Which leaves me wondering what's going on with this? The program runs fine time after time, and it's run time is between 2.6 and 4.2 seconds, depending on the version of it.

So I went into the forum and read up on the testing hardware - They're PIII Xenon's!!

My compiler is modern (just updated this year), and naturally I have no idea of how to make a program compile correctly for PIII's! They're using gcc's compiler, which should be OK for the PIII, but I've never used the gcc compiler.

I'm not confident I can meet this challenge on a PIII based system.

Not much new to report. I tweaked my program a bit. It runs in 2.62 seconds, but that number depends on the number of rows in the command window. A larger window takes longer to scroll up all those 50K numbers. This version was printing out 250 numbers with each call to printf(). Indeed, the entire program code has very few lines that AREN'T part of the print loop.

With a very small window (just a couple of rows), run times decrease to less than 1 second. Kind of fun to watch. ;)

Unfortunately, the testing rigs PIII cpu was not impressed when it ran it, so it declared "Time limit exceeded". Such a buzz killer, that testing rig. :(

I have one more speed up idea in mind. (I keep saying that, one more, just one more). This is it:

the kth numbers come in, and go into the query array - call it q[]. The prime numbers, as they are found by using the Sieve, go into the primes array, call it p[].

When I have all the primes, now I have to just print them out, but it has to be done in the order requested by the queries (that was the shortcoming of the sort idea, mentioned earlier in this thread).

To print with the right order, I have been using:
printf("%d\n%d\n",p[q-1],p[q[i+1]-1]); and so on.

Now, I'm going to change this printing to a more direct p1 type printing. p1 will receive it's values like so: p = p[q-1], in the loop that finds all the primes. That will slow down the loop, but hopefully the speed up in the printing, will more than make up for it.

After that, it's all about fast printing to stdout, which I've never worked with. Who puts out reams of data like our 50,000 primes, to stdout? It scrolls off the screen to fast to even read, let alone use.

The algorithm and code to generate the primes is a screamer, and I don't know of anything faster.

Low level i/o to the screen, (maybe binary, maybe just unix style i/o) is the next step after this one above. I've been checking out some info on this, but I'm not quite ready to declare printf() toast. Not quite yet.

I see where Diwakar has made several test submissions. Any new idea's you're trying, Diwakar?

The idea in the last post I made, showed no improvement in the run time.

Next idea was to assign the top several prime numbers, directly into the primes[] array. Due to the source file size limitation for this Challenge, it was of no benefit, either.
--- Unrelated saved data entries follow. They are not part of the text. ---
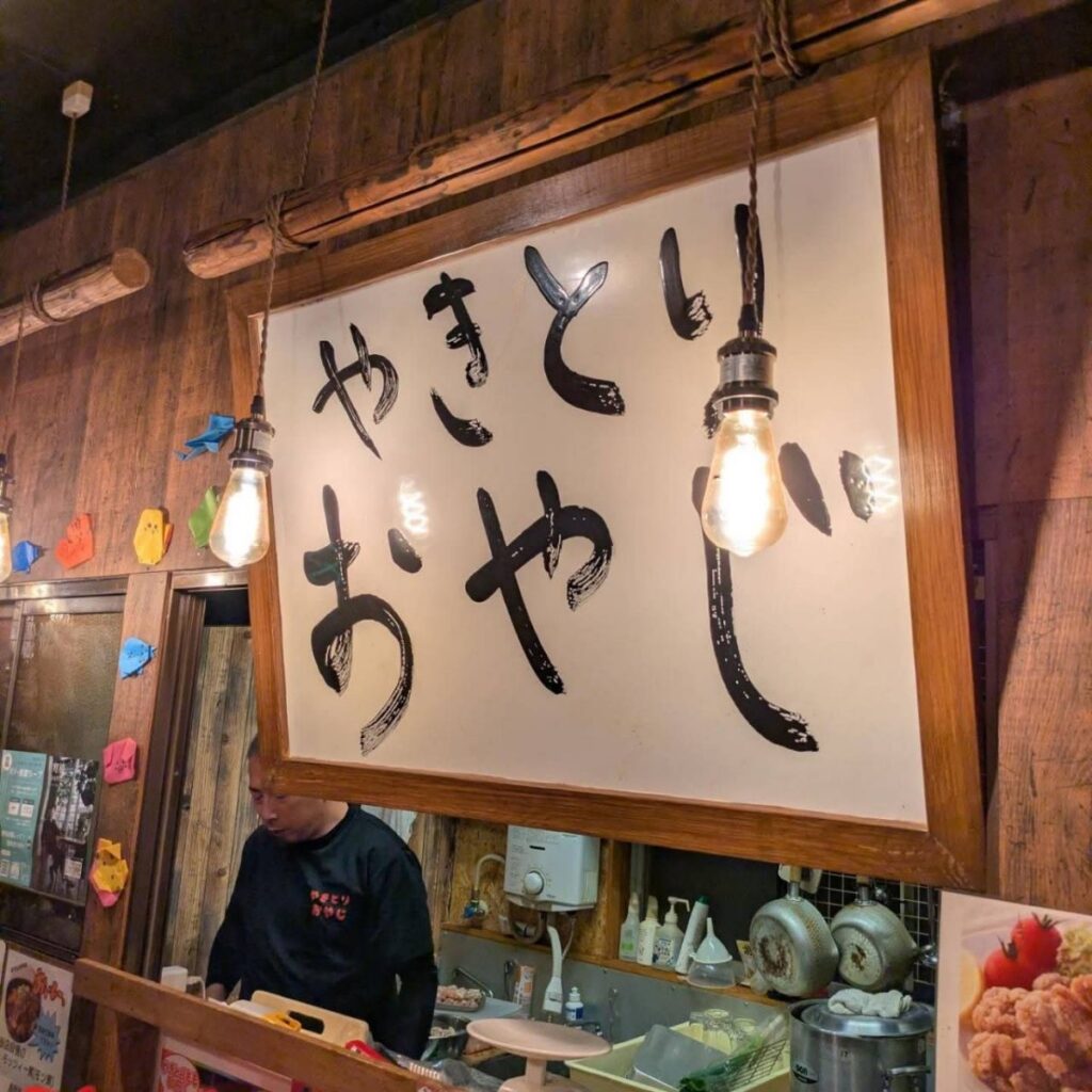 住宅街を進んで行くとひっそりとお店を構える焼き鳥おやじ。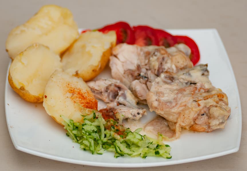 Жареная курица с вареной картошкой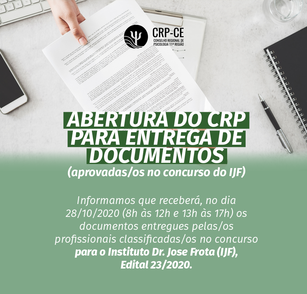 O CRP-11 informa que para os profissionais que foram classificados no concurso para o Instituto Dr. Jose Frota (IJF), Edital 23/2020, o CRP-11 estará aberto dia 28/10/2020 (8h às 12h e 13h às 17h) para entrega de documentos aos profissionais.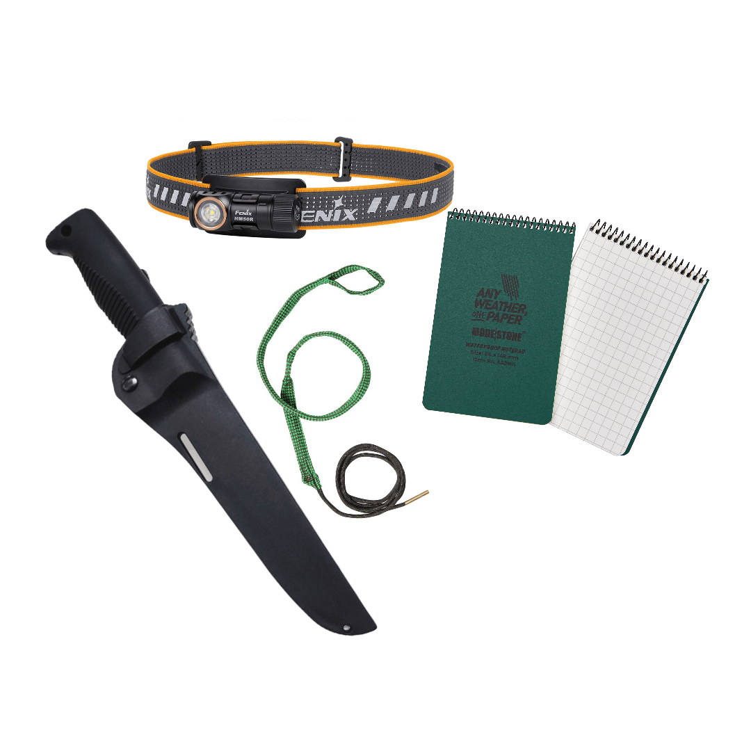 Varustepaketti inttiin, Peltosen Sissipuukko, muistio, boresnake ja otsalamppu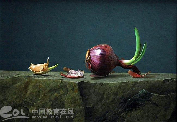 邵姚创作的油画作品主要是写实静物及生态风景,这些作品十分逼真,美得让人惊叹。如他绘制的一幅发芽的洋葱,不仅从色彩、阴影等方面画得十分精致,而且连洋葱的纹路也画得十分仔细,不少同学甚至觉得比拍照还真实和清晰,更难得的是,连洋葱的生命力也彰显得淋漓尽致。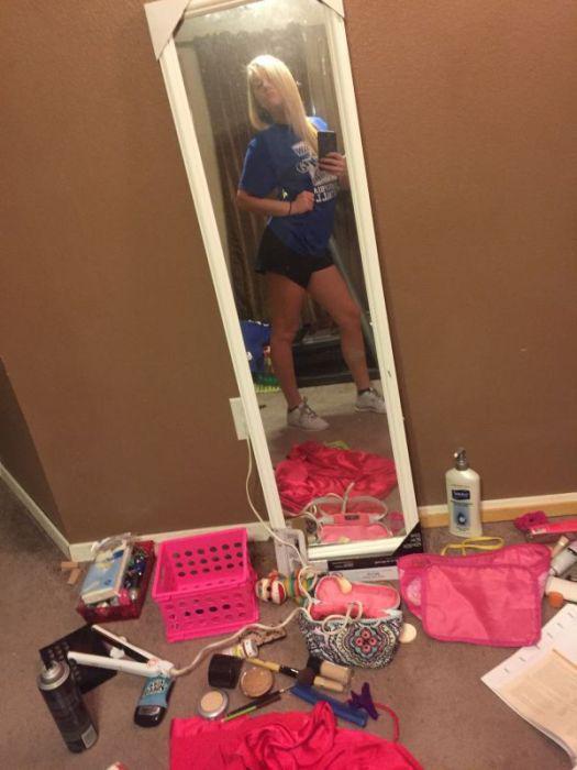 Девушки очень любят сделать сексуальные селфи, но совершенно забывают об антураже. Эти фото наглядно показывают, почему перед тем, как принимать томные позы у зеркала следует немного прибраться в комнате, в противном случае обстановка способна убить любой романтический настрой и сексуальное желание.

Ho Hum - another fine idea, shot down! ;)

I'm stuck at 2.66 seconds (on my PC), which is too slow on the testing PC (max time is 10 seconds). (With a "normal" command window size with space for 24 vertical rows. Less rows, means shorter run time.)

Next idea is clearly a way to speed up the printing to the console. I believe I have finally exhausted every other idea, for the moment.

I see where Diwakar has made several test submissions. Any new idea's you're trying, Diwakar?

No, I just couldn't believe it was showing "time limit exceeded " for the code I submitted.But yes,I tweaked it a little bit,didn't help much.I replaced the multiplications with bit shifts, did a little work to reduce the redundancy during marking off composites and printed the primes at a tab distance rather than one at each line.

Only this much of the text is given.